All these assays were performed on SlipChip devices, made from etched glass and fabricated using standard methods of photolithography and wet chemical etching in a clean room environment.22 This type of fabrication requires trained personnel, often toxic processes and access to expensive facilities. Recently we described a polymer-chip-based SlipChip platform for protein separation using isoelectric focusing.23 This device was made from poly-methyl methacrylate (PMMA) material and features were micro-milled without the need for clean room facilities using computer numeric control (CNC) micromachining. In this work, we have employed the same low-cost fabrication technique to produce PMMA SlipChip devices for RPA on-chip. Access vials were easily fabricated for sample loading and collection, and multiple layer chips were feasible.

PMMA compares very well to glass in both optical properties and physical adsorption. First, PMMA has excellent optical properties24 and shows very little auto-fluorescence; as low as glass.25 Second, both glass and PMMA require surface passivation for efficient nucleic acid amplification on-chip.26 PMMA is a hydrophilic polymer with a water contact angle of ∼68° compared to ∼73° for glass. In previous work using glass SlipChip devices for RPA, a dichloromethyl silane treatment was used to render the surface hydrophobic.
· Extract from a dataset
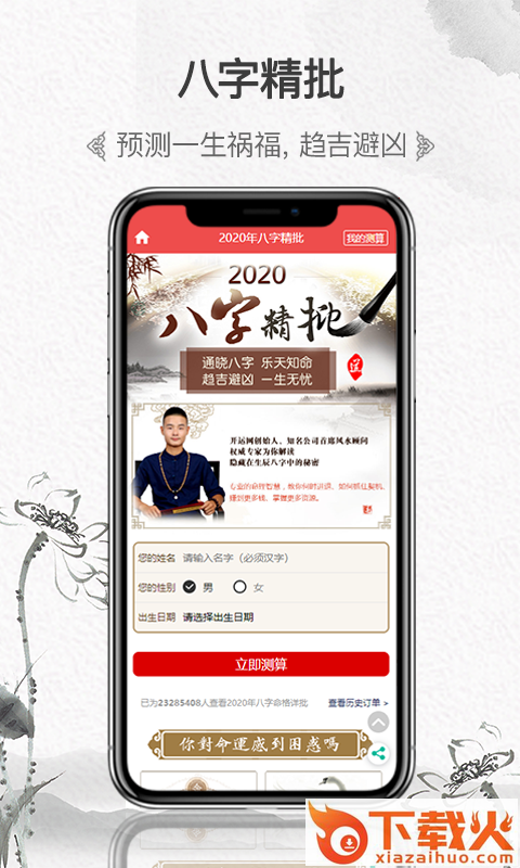 因山八字测算App,造命由天,改运由人,知名知运,把握未来;八字精批,预测一生祸福,趋吉避凶;紫微斗数,揭秘命运玄机,指引人生方向;宝宝起名,国学周易取名,开启一生好运;月老姻缘,八字排盘揭开烟缘奥秘。

For PMMA chips, we employed a rapid vapour polishing method,27 developed in our lab, to remove any surface roughness caused by micromachining. We then treated the PMMA with a hydrophobic surface coating, followed by surface priming with an inert protein. Overall, PMMA is suitable for rapid prototyping, which makes it an ideal candidate for proof-of-concept studies. Once a suitable design for a system has been proven, low-cost and high throughput methods such as injection moulding could be used to produce single-use disposable chips.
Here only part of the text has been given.